Seders doesn't give discounts to museums, so that her artists get their full price. She has followed through on planned catalogs even after the artists in question switched galleries. And she has handled her rather famous defeats with grace. In the 1990s, shortly before Anderson died and after she had represented him for three decades, his spouse moved Anderson's work to another gallery suddenly and for no good reason. But even more painful was when Jacob Lawrence's widow, Gwen Knight, yanked his works from the Seders Gallery in 2002 after a relationship that spanned decades.

"They were kind of a family," says curator Beth Sellars. "Whenever Gwen and Jake had to go somewhere, it was usually Francine who drove them." Seders, notably, drives a dark-red 1966 Mustang. "I curated a Lawrence show for the Henry. Francine was totally gracious about it, and you knew she was suffering."

Seders admits she was "very personally hurt." And on top of the emotional loss, she also took on a financial burden: Artists like Anderson and Lawrence carry a gallery. Seders had hired an employee—her gallery is like a family, and one assistant has worked there 34 years—just to keep up with Lawrence's popularity, "and I am trying very hard to conserve their jobs. I don't have much savings, much money put aside—I plan to work as long as I can."

Seders is one of the only remaining dealers in a line that goes back to the earliest contemporary galleries in Seattle. When Lawrimore Project opened this year, Greg Kucera, who opened his Pioneer Square gallery in 1983 shortly after showing his own paintings at Seders's, passed new dealer Scott Lawrimore a stone Seders had given him. One side was rough, one smooth: a symbol of what was in store. Kucera describes the Seders Gallery as "a genteel business, but not a snobby business."
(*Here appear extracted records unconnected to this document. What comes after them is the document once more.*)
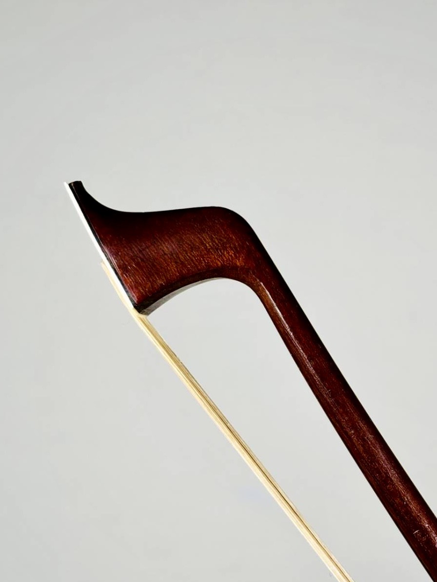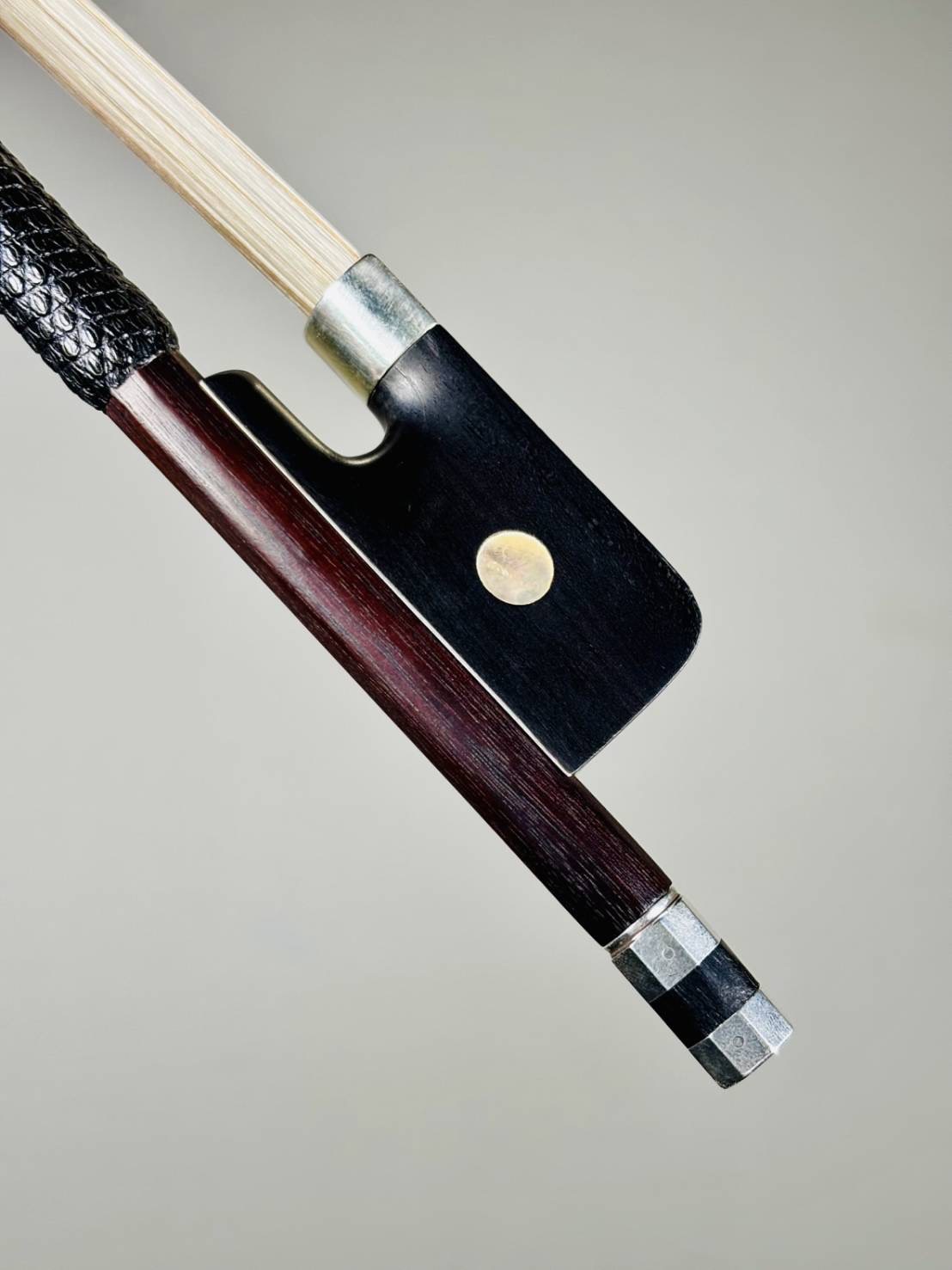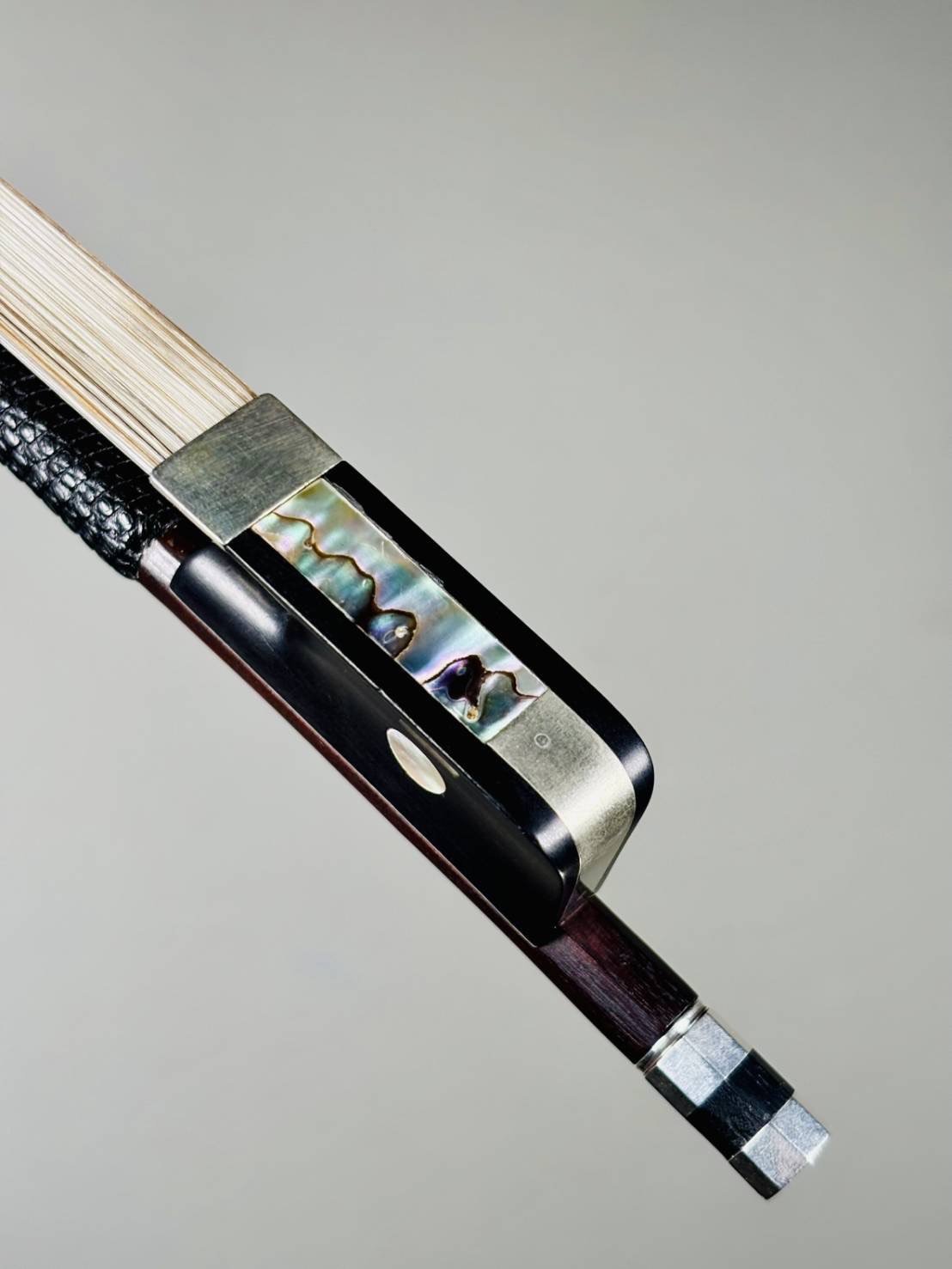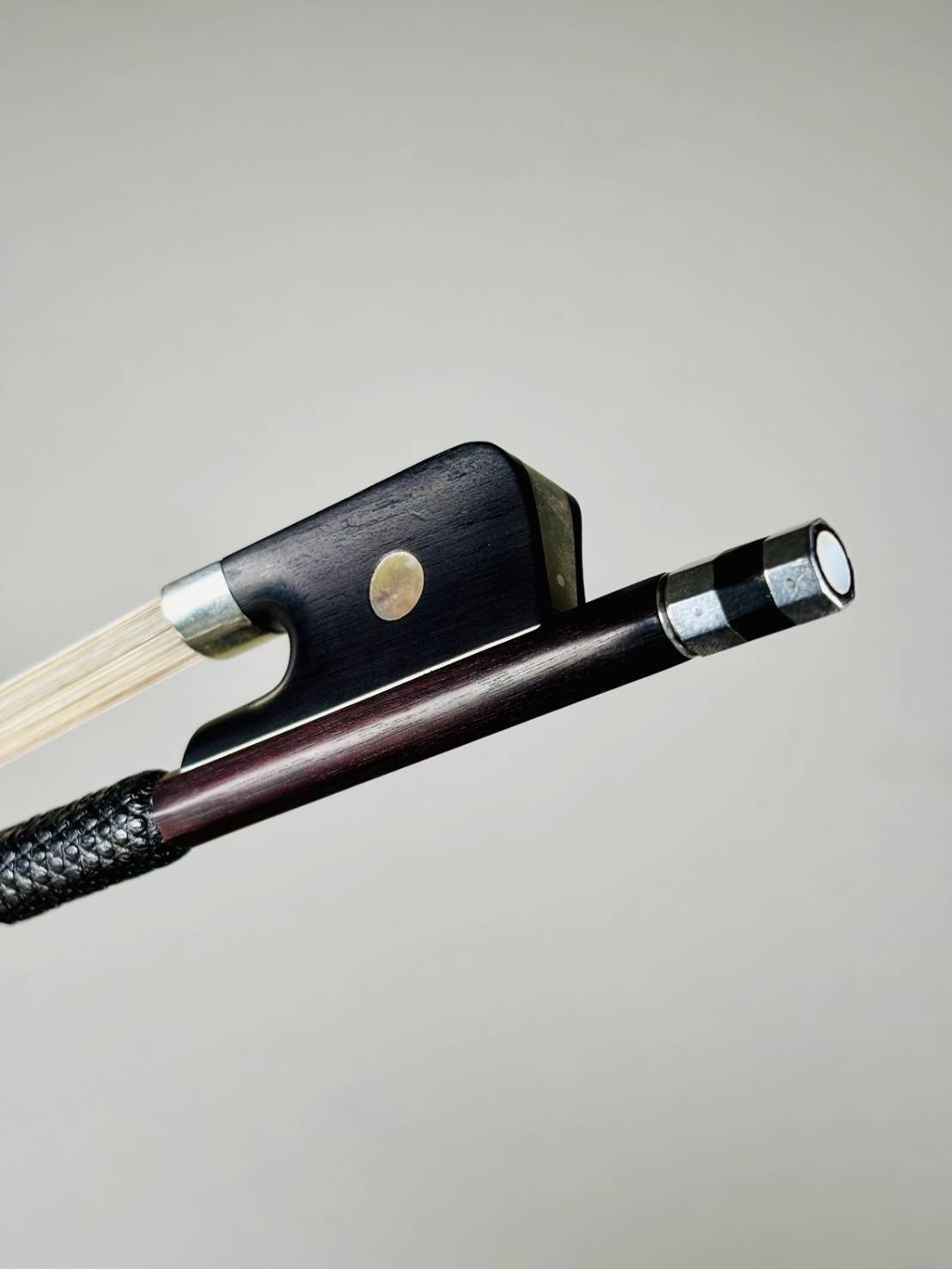 サルトリーの代名詞とも言える力強く美しい流線型のヘッドには、現代では入手困難となった高密度の最高級フェルナンブーコ材が用いられています。オールド弓としては類を見ないほど保存状態が良く、今なお驚異的な復元力と強度を保っております。その音色は楽器本来の響きを最大限に引き出し、雑味のないクリアで芯のある響きを奏者にもたらします。圧倒的なレスポンスの良さは、手元から弓先に至るまで自由自在な表現を可能にするでしょう。
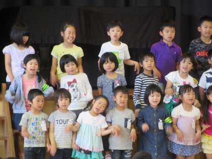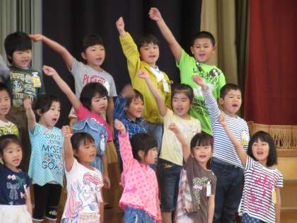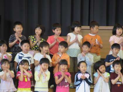 1年生が、お礼の歌を歌ってくれました。「どきどきどん1年生」を振りつきで、元気いっぱいに歌いました。
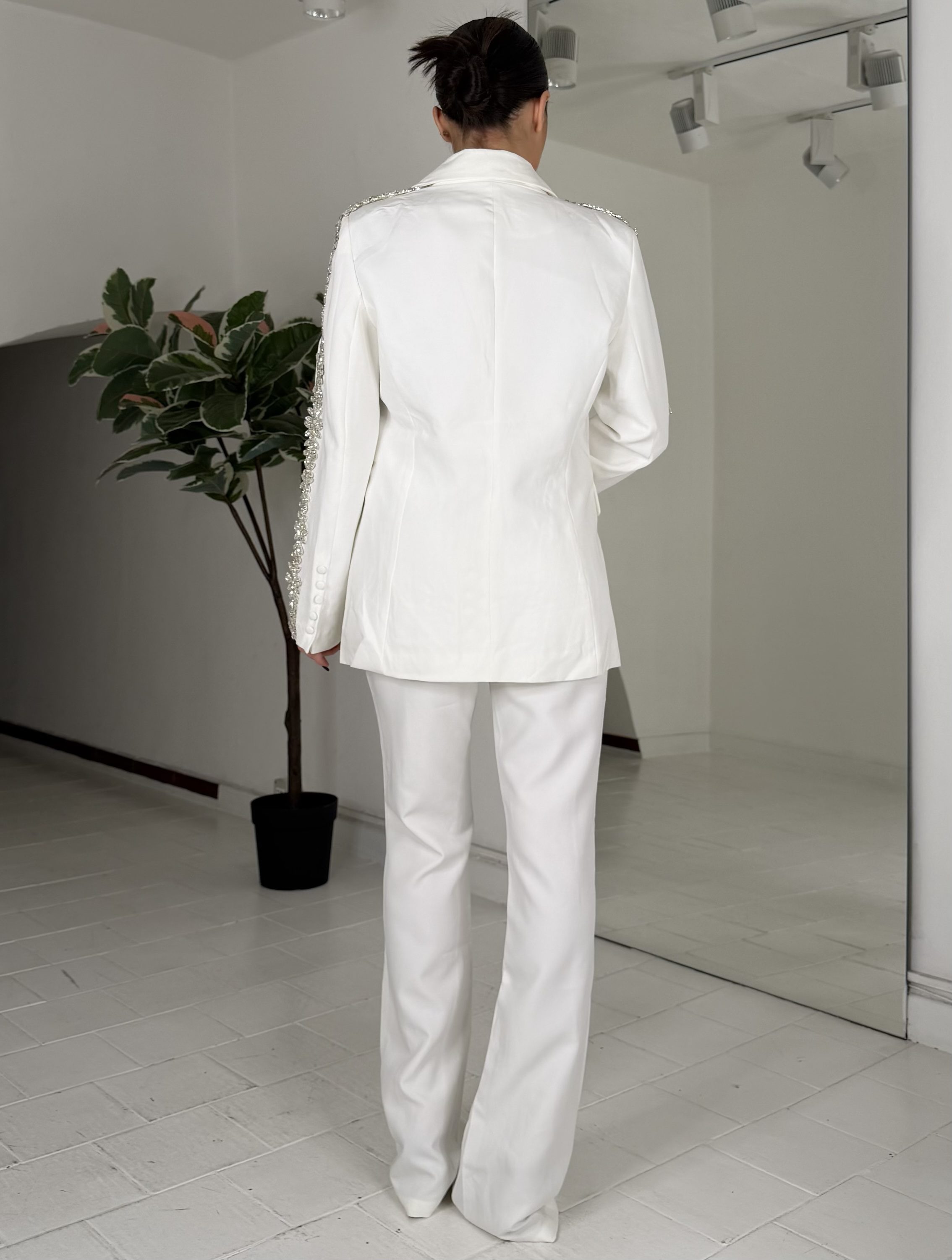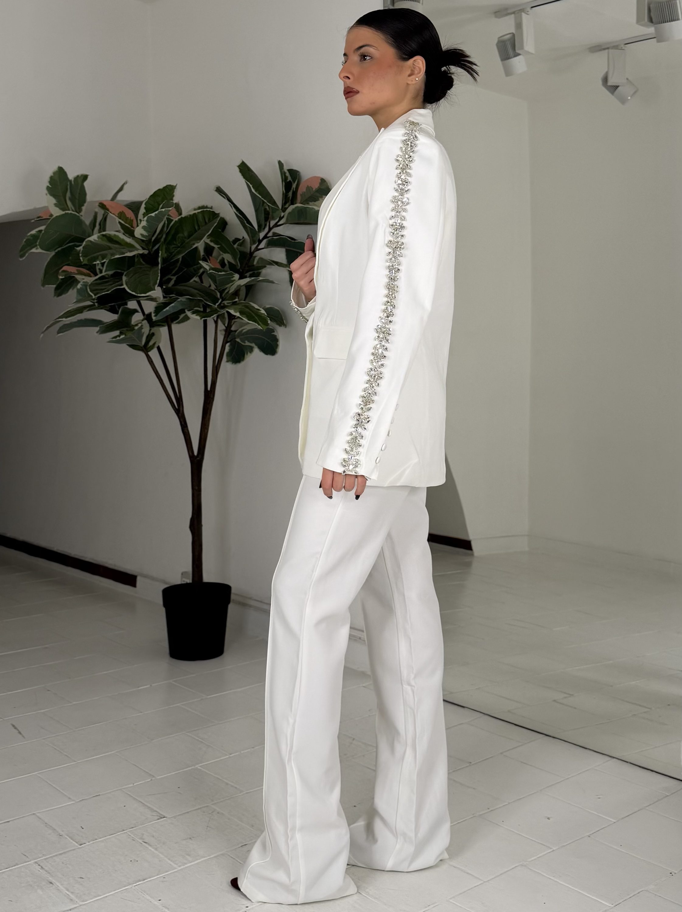 strutturato, top Quality, foderato, pantalone con bottone. La modella รจ una taglia S ed รจ alta 1.60cm

Laughingly, Seders says her only regret is not marrying a rich man so she could support her three dozen artists better. She got close to marriage twice, but said she felt it would compromise her independence—an explanation that didn't stop people from looking at her funny when she explained that, no, she wasn't a lesbian. People have always found her inexplicable. The abstract painter Robert Jones has known her since 1969, and "my shows never sell, but she's carried me all these years," he said. "I'm very fond of her, but I don't know her very well," he added. "I think she's an unknown thing."